Would you buy a $600 Windows RT Tablet if the tablet performs as well as an iPad? If not, what will it take to entice you to buy?

4 Comments

4 Comments

  1. jjaegers

    09/18/2012 at 1:57 pm

    I have never understood the thinking that a tablet should cost less than a phone… All smartphones these days when purchased off contract usually cost above $300. The basis of this article says that a 10″ Windows RT tablet that includes MS Office probably 32GB of memory and full support for all the peripherals that you could ever want to attach to it should cost no more than $400… less than any comparable devices based on the same technology.

    Windows RT is designed to replace the need for a tablet and a laptop. I have an iPad, HP TouchPad (hacked with ICS), and 3 Kindle fires (my kids)… I hardly EVER touch any of the tablets… if I go beyond anything that requires more than a line of text to be typed in I would get up and go to my laptop. Give me a tablet that will replace my $600-$1200 laptop and my $400-500 laptop for $700 and I’m sold. 7″ tablets are not designed to be used as a productivity device… so you can’t compare them… and add a keyboard to an iPad if you want but it wasn’t designed for it… hell… I can’t even get the pictures off my camera card with my iPad… I need to go to my laptop for that.

    Windows RT isn’t going to “compete” with the iPad… it will in some aspects but it will really open a new category of devices that allow users to buy one device instead of two to get work and play done.

  2. Kevin Purcell

    09/18/2012 at 4:12 pm

    I hear you, but the Windows RT tablets based on ARM won’t run a full versin of Word or work with PC apps taht run on X86 so they are competing with iPad and Android. The cost then becomes the biggest hurdle.

  3. jjaegers

    09/18/2012 at 7:23 pm

    They will run a nearly full version of the Office ( https://blogs.office.com/b/office-next/archive/2012/09/13/building-office-for-windows-rt.aspx )… enough to give them to a user at my company and satisfy all their needs… and I bet users will be able to map drives to network resources.

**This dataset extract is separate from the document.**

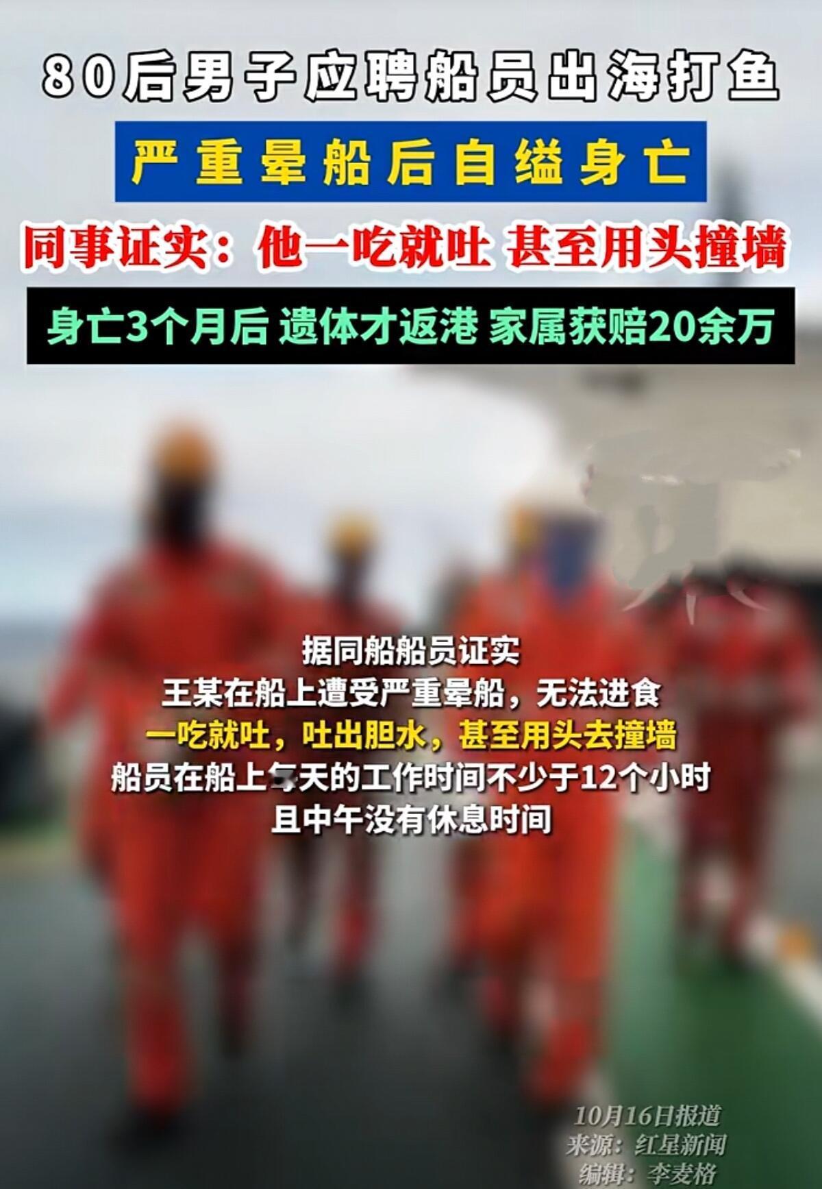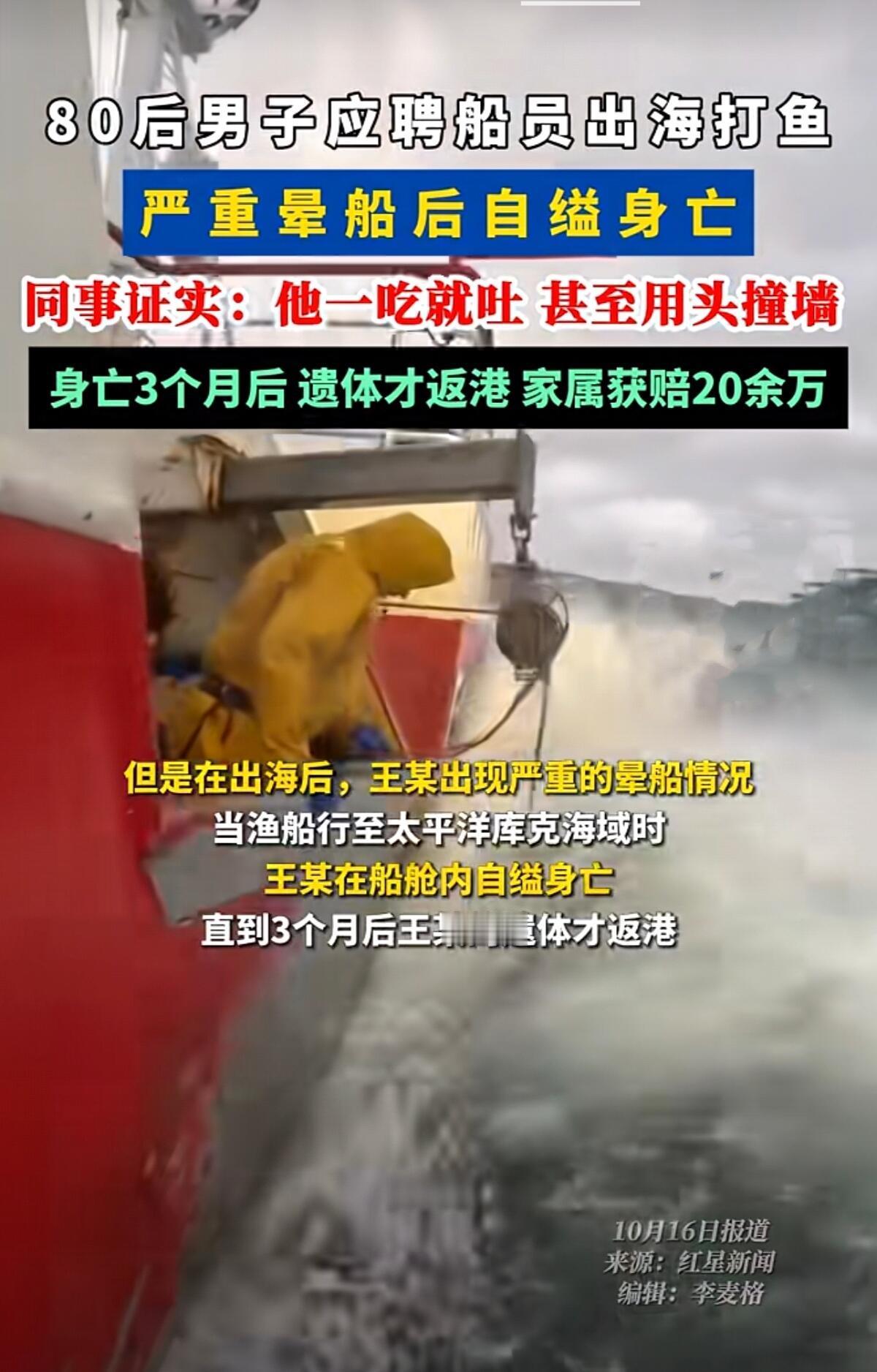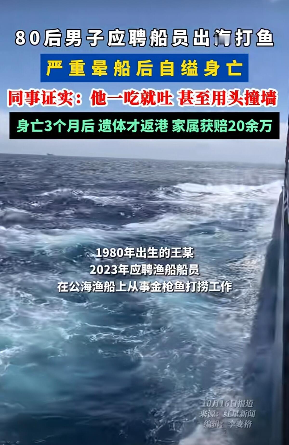 这事儿听着就让人心里发堵。一个80后男人,为了养家第一次出海打鱼,结果在太平洋上因为晕船太严重,实在熬不住,用一根绳子结束了自己的生命。 2023年3月,王某和船员公司签了合同,满怀希望上了远洋渔船,想着靠捕捞金枪鱼赚钱养家。可他根本不知道自己会晕船晕得这么厉害——船一晃他就吐,风浪大的时候连胆汁都吐出来了,没几天人就瘦得不成样子。 船上条件也差,他住的那个小杂物间紧挨着机舱,机器24小时轰隆隆响,连个空调都没有。身体难受加上环境恶劣,他精神慢慢崩溃了,开始用头撞墙,拿东西砸自己。同船的人都看出来他不对劲,可船上连个医生都没有,每天还要干12小时以上的重活。 最后等船员发现时,人已经没了。三个月后,他的遗体才随船回到国内。两家公司和他母亲签了调解协议,给了21万。可他家里还有三个未成年的孩子,这点钱根本不够,家属起诉要求赔200多万,结果法院没支持。 说实在的,这事暴露了远洋渔业太多问题。招人的时候根本不测试会不会晕船,上了船连基本医疗保障都没有。人在海上,晕船加上焦虑,真的能把人逼上绝路。 现在说什么都晚了,三个孩子永远失去了父亲。20万买不回一条命,只希望这个悲剧能让人警醒:别让劳动者用生命去冒险,再苦再累的工作,也得保障人最基本的尊严和安全。
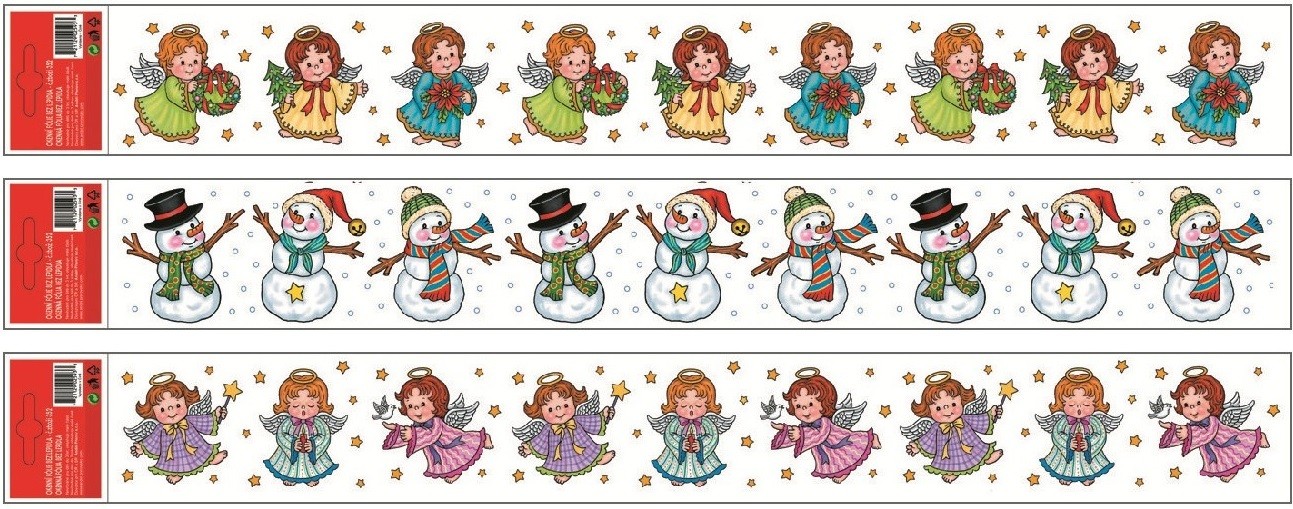 Dekorační okenní fólie – pruh, Andílci a sněhuláci

Add in APP-V to publish legacy apps for all the Windows RT users at my company and I have a fully functioning Tablet/PC running Windows RT and running legacy apps (hosted from my servers). For companies Windows RT is a no brainer…

    Windows RT isn’t here to compete with the iPad… it’s here as that logical next step for PCs… it’s the evolution of PCs… imagine if Microsoft would have been this forward thinking in the phone space… taking a big risk on where they thought phones were going… well… now they are taking that risk and being forward thinking in the PC space. Windows RT will be competing with Windows and eventually will replace Windows. And most likely it will start to eat into the iPad/tablet market over time as well. There is no need for MS to try to kill off the iPad. Show me an iPad that can actually replace my computer for everything that I do… you can’t… show me an RT device that can… well you just might be able to… and that’s what I mean… RT is competition for PC platform and traditional Windows. It leaves behind the legacy stuff that has haunted Windows and also made it so safe and secure in the market. Windows RT is the future… Window 8 Pro is here to hold users over till we get to that future.

  4. Derick

    09/19/2012 at 5:59 am

    Would you buy a $600 Windows RT Tablet if the tablet performs as well as an iPad?

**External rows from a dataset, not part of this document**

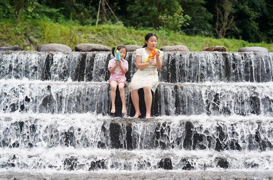 Children play with water guns in Sanping Village of Zhongyuan Town in Jing'an County, east China's Jiangxi Province, July 27, 2022. (Xinhua/Wan Xiang)
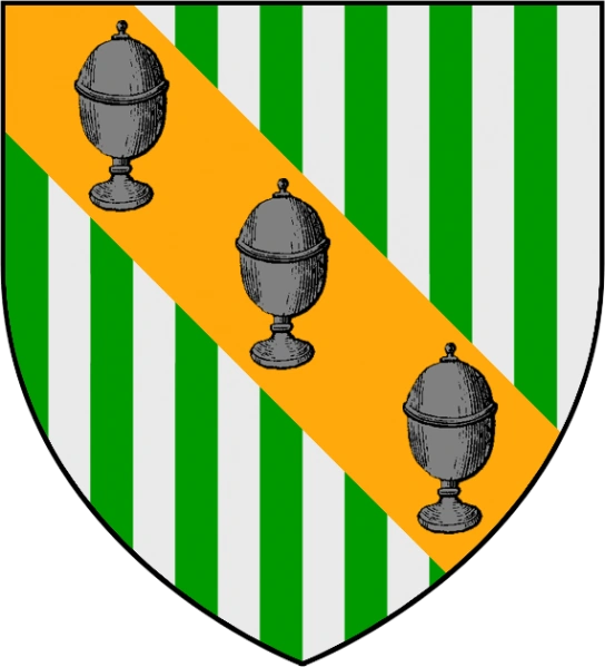 Das Wappen des Hauses zeigt drei schwarze Pfefferstreuer über einer Safranwurzel auf grün-silbern gestreiftem Grund.[2]
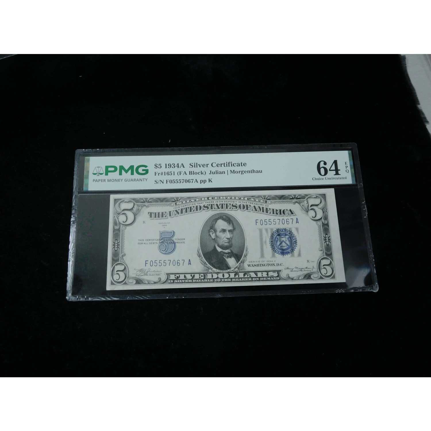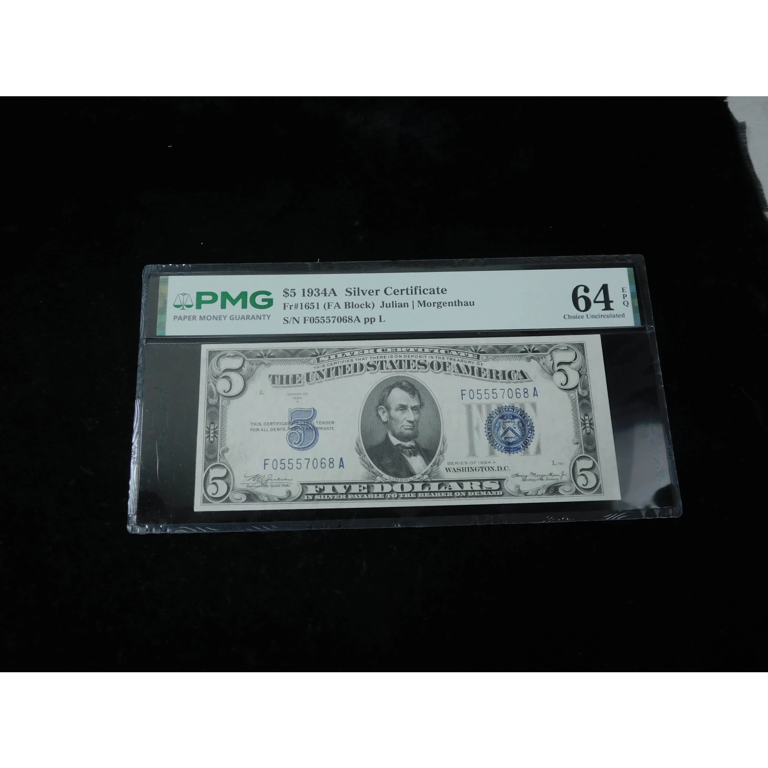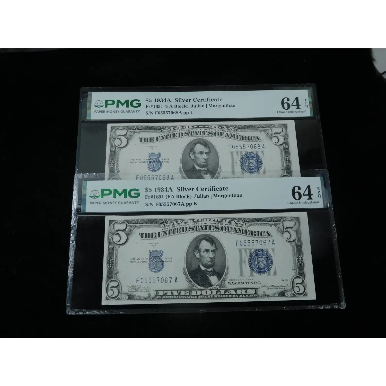 1934 $5 United States Large FIVE Silver Certificates - PMG 64 EPQ - 2 Consecutive Notes

    The Surface Tablet is not designed to perform like an iPad.It’s a different kind of a tablet that seeks to define what a useful tablet should be.It’s a productive tool for those who want to work and it doesnt come short of entertainment either.This is a tablet for those who want a mobile office / computer in the shape and size of a normal tablet.Microsoft has set a new standard and Apple has to follow.